Shae’s eyes were alight with excitement and after I dropped the second guard, she gave me a look of pure lust from beneath hooded eyes and touched the tip of her tongue to her lip.

I opened my mouth to tell her to get moving, but before I could say a word, she turned and grabbed the nearest teller. The brunette woman with blonde tips shook her head in small shakes when Shae pointed the silver pistol at her.

“Be a dear,” she said, holding out the shopping bag “and fill it up. None of those feckin’ dye packs, neither.”

She walked from teller station to station, making sure that the woman left the dye packs in the drawer, didn’t hit an alarm button, or pull out the special bill that was tucked in an alarmed slot.

I forced myself to keep an eye on the customers and checked my watch every few seconds.

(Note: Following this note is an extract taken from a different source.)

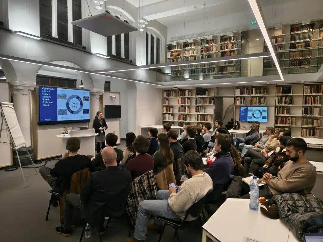 In this lecture, hosted by GA! Think Tank in Utrecht, Sofia Romansky gave a crash course on the intersection of artificial intelligence and the military domain, as well as the emerging challenges and opportunities. She emphasised that the fundamental obstacles to the effective and responsible integration of AI into security and defense are both technical and human; they require us to contend not only with complex socio-technical systems, but also create institutional safeguards to ensure that human users are able to interact with these systems in optimal ways. Findings the solutions to these problems in turn involves adopting an interdisciplinary mindset and a willingness to ask the difficult questions.

“Let’s go,” I urged her. I was pretty certain no one had punched the alarm, but I couldn’t be sure. Plus the gunshots might have been heard outside the bank and someone could have called the cops. We needed to get out of the bank with the money inside of the police response time.

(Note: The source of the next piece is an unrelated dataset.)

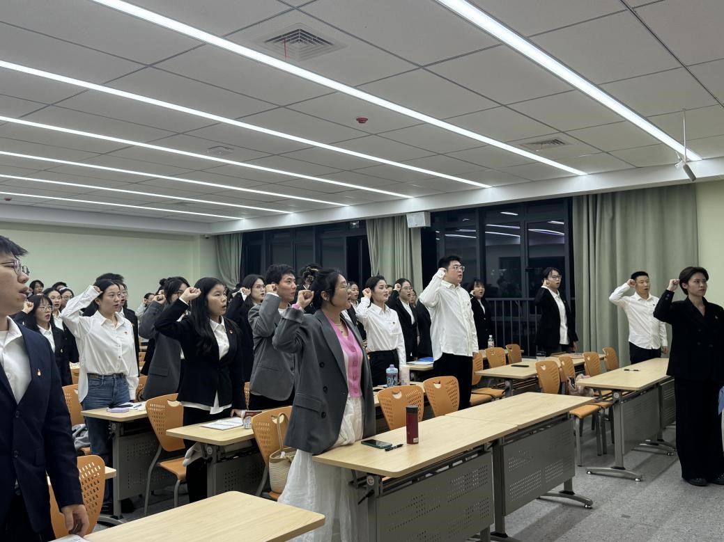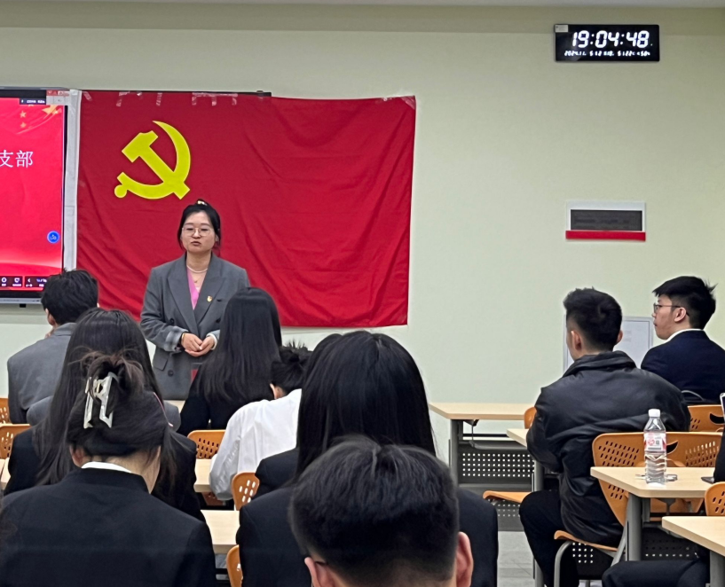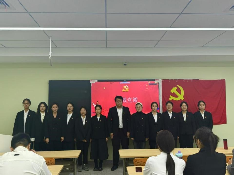 随后,党支部2024下半年预备党员接收大会正式开始。支部副书记马艺文同志宣布到会有表决权的正式党员人数超过应到会有表决权人数的半数,符合开会要求。梁妍婧、周纯、刘健、潘永正、梅慧璇、郑婉君六名发展对象分别从思想、学习、生活、工作方面向党支部进行汇报。经与会党员充分讨论,全体正式党员对是否接收六位发展对象成为中共预备党员依次进行了举手表决,表决结果一致同意接收梁妍婧、周纯、刘健、潘永正、梅慧璇、郑婉君为中共预备党员,并由培养联系人为他们佩戴党徽。

When the brunette had pushed the last bundle of bills from the last drawer into the bag, Shae flashed her a smile. “Thanks. Now, down on floor with ye.”

The teller sank to the floor with a whimper.

Shae vaulted over the counter and strode toward me. The bag swayed heavily in her grasp. We hadn’t even considered hitting the vault. There was enough in that bag for a clean start. We weren’t greedy.

She reached me and held out the bag. “Be a gentleman for once, why don’t ye?”

I reached for the bag.

More shots rang out.

Shae’s eyes widened in surprise. Her mouth fell open and a light gurgle escaped. Confusion, then sadness, came into her eyes. She collapsed to the floor. All of that happened in less than a second, but it was burned into my memory for a thousand years.

I wheeled around, firing in the direction of the shots. Customers screamed in panic. Some crawled toward a wall or a desk, while others scampered toward the back of the bank, hunched over and shuffling their feet as quickly as they could.

The shooter was a man in his forties. He was thin and resolute. I learned later that he was a cop and looking back, I should have made him right away. But he had blended right in with the other customers. Now he was crouched and duck-walking toward one of the desks.

“You motherfucker!” I screamed and fired directly at him. The bullet struck low in front of him, ripping out a chunk of tile and whizzing off. Before I could fire again, he reached the desk and took cover.